Vining is a lieutenant as well as a training officer, and covers a wide range of roles during incidents at the SVFD. "I try to bring all the knowledge I learned from Colorado and traveling around the country doing trainings," Vining said. According to Vining, the goal of the training sessions is to show the volunteers things that they have not yet seen, but also to learn from them and their specific departmental practices. "It seems like over the last two years, we've really rejuvenated the whole department," Vining said, adding that the training sessions are well attended and, it seems, a lot of fun.
Spaulding is a former Marine who was introduced to firefighting though people that he met while in the service. According to Spaulding, the trainings help develop a broad base at the department. "It's more of developing certain specialty tactics as far as guys showing up, taking an officer role, taking an engineer role and assuming the firefighter role," Spaulding said, adding that while the base broadens, the individuals are fine-tuned.
Since Vining's time at the department, the volunteers have started out with the absolute basics-hose handling, searching homes, working on the rigs-and are beginning to progress to more advanced training, including different hose sizes, ways to get into homes based on the situations at the scene. "It's been nice progressing from basic to now. We're getting into more incident command type stuff," Vining said, noting the value of having a department where most of the volunteers can take on a leadership role at an incident, depending on who responds.

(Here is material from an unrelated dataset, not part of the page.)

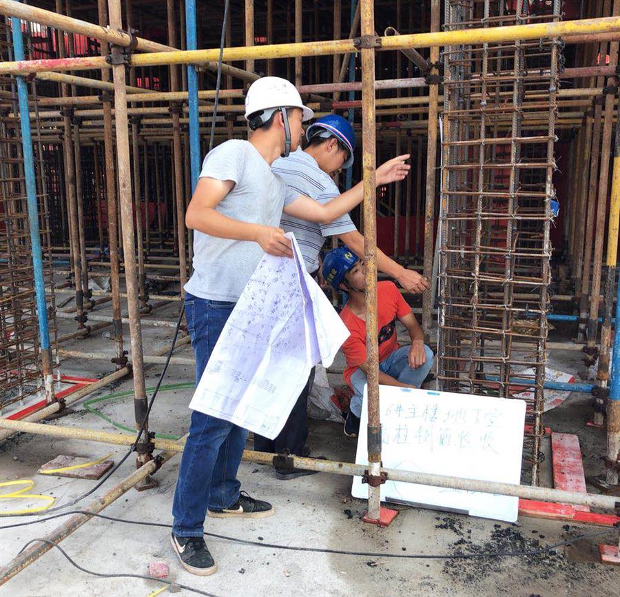 6月18日,在桂華分公司承建的梧州佛子時(shí)代廣場(chǎng)項(xiàng)目現(xiàn)場(chǎng),當(dāng)空烈日讓偌大的工地一片熾熱,焊花飛濺,工程車來來往往,工人們揮汗如雨。雖然施工作業(yè)已經(jīng)避開了高溫時(shí)段,但工人們?nèi)员缓顾粤搜劬?,濕了衣服。盡管這樣,大家仍堅(jiān)持“全副武裝”,手套、防護(hù)用具,安全帽,一樣都沒有少,自覺遵守安全文明施工相關(guān)規(guī)范。入行兩年的施工員趙俊財(cái)抹了一把汗說道:“剛參加工作時(shí),不能和家人一起過節(jié)還挺難受的,后來把心態(tài)調(diào)整好了,想著只要家人安好,其實(shí)比什么都重要,趁著年輕,還是應(yīng)該多奮斗?!笨粗幻装舜髠€(gè)的他手拿圖紙和卷尺,蜷縮著身子,蹲在空間有限且熱得發(fā)燙的平臺(tái)上仔細(xì)檢查剛剛綁扎好的鋼筋籠,驕陽烤得他黝黑的皮膚泛出一層水光,襯著那還略顯年輕的臉龐,顯得熠熠生輝。

Vining describes incident command as "a lot of common sense" at its core, but the skills need to be trained over and over. Training and input from many people and departments overall adds to a healthy VFD with a varied toolbox of methods that work.
"The number one priority is that we want to make sure we're safe, but at the same time provide the best quality care and best resources we can apply to the person that we're running on," Spaulding said. "Because they're running on their worst day."
As the department training grows, specialty training will take place including swift water rescue, ice rescue and more trainings for search and rescue, adding rope rescue and high angle rescue trainings, Vining said. These outside trainings help with state certifications and advancement for volunteers, and help grow the department to a better SVFD than anyone had dreamed they would be, Vining said. According to Spaulding, building the foundation is vital for some potential different avenues and expansions that will hopefully be brought to the department in the future as Saratoga grows. Vining urges anyone interested in volunteering to contact the department to fill out an application.
Spaulding commends the volunteers for their willingness to learn and improve from outsiders, which had begun with Ryan Wells, a trainer that has basically stepped down since Spaulding's arrival, and Vining's work at the VFD. "The tactics that they have already started to put in place is light years ahead of some of the volunteer departments that I've seen out in Colorado," Spaulding said.